Beth is surprised to discover the door to their old attic playroom padlocked, and even more shocked to see what’s behind it – a hoarder’s mess of her father’s paintings, mounds of discarded papers, and miscellaneous junk. Her father was the most fastidious, everything-in-its-place man, and this chaos makes no sense. As she picks through the clutter, she finds a handwritten note attached to one of the paintings, in what appears to be in her late mother’s handwriting. Beth and her siblings grew up believing Grace Walsh died in a car accident when they were little more than toddlers, but this note suggests something much darker may be true. A frantic search uncovers more notes, seemingly a series of loose journal entries that paint a very disturbing portrait of a woman in profound distress, and of a husband that bears very little resemblance to the father Beth and her siblings know.

A fast-paced, harrowing look at the fault in memories and the lies that can bond families together - or tear them apart.

Kelly Rimmer is the worldwide and USA TODAY bestselling author of Before I Let You Go, Me Without You, and The Secret Daughter. She lives in rural Australia with her husband, two children and fantastically naughty dogs, Sully and Basil.
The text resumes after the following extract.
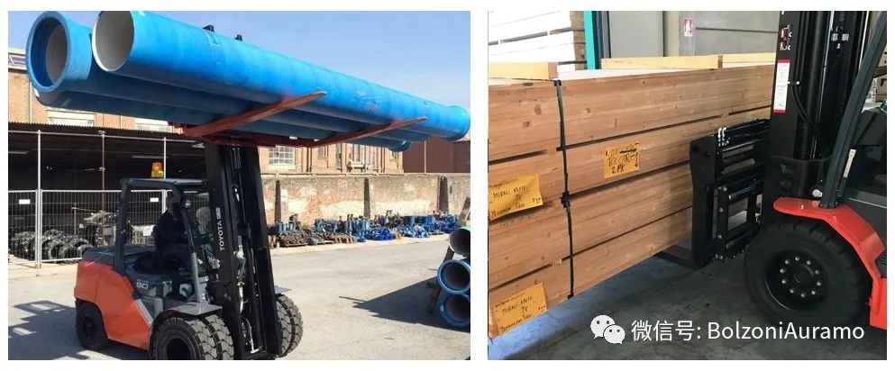 博索尼奥拉茂属具性能强大,坚固耐磨:可搬运各种建筑产品,如水泥、工程砖、水泥砖、块料铺砌、水泥管、超大结构、预制混凝土产品以及路缘石等等。博索尼奥拉茂为建筑领域提供丰富的属具型号,包括不同承载能力,不同张臂范围,以及其他技术规格。今天介绍的属具是重型多托盘叉,调距叉以及其他在建筑行业可以运用的属具。
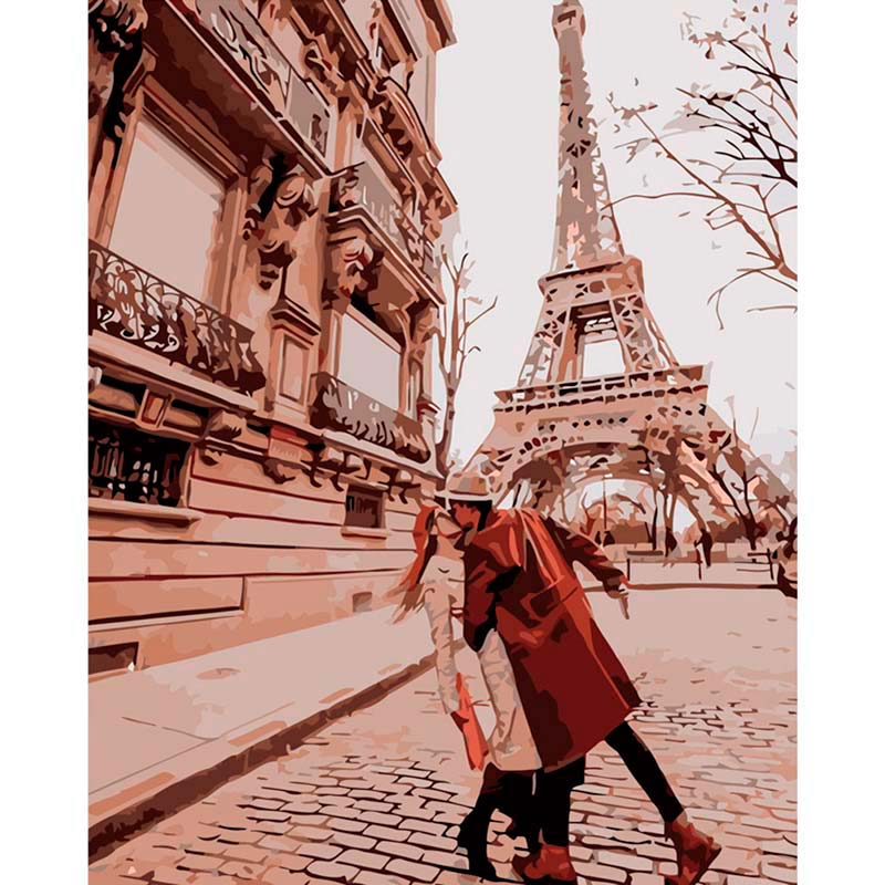 Картина за номерами Поцілунок піл Ейфелевою Баштою Strateg 40х50 см GS141

Her novels have been translated into more than twenty languages. Please visit her at 

Facebook: @Kellymrimmer
Twitter: @KelRimmerWrites
Instagram: @kelrimmerwrites My Review:
Rimmer is by far one of my favorite historical fiction authors. In this particular story, she distinctly tells the story of two different generations, the societal pressures put on them in their own times and the very real feelings and actions that come with post partum depression. I find Rimmer's writing style riveting. She keeps the pace moving and really pulls you into the story. I wasn't as connected with this story as I have been with others she has written. Could be the subject matter. I don't know. I do feel like since each generation was dealing with the same issues, the story tended to feel a bit repetitive and to be quite honest, it was hard to remain in the heads of these women with their thoughts. I realize that maybe the uncomfortableness is the point and I'm ok with being uncomfortable, I just couldn't feel myself caring as much as I wanted to.

Rimmer does touch on some very big subjects within this read.  I think, for me, it just didn't quite come together as seamlessly as it could have.. it was utter convenience or utter difficulties.  I needed something to fit more in the middle. We all know that not all books are for everyone.  I look forward to the next read from this author.  I did find myself flying through this book, I just wish I had felt more connected.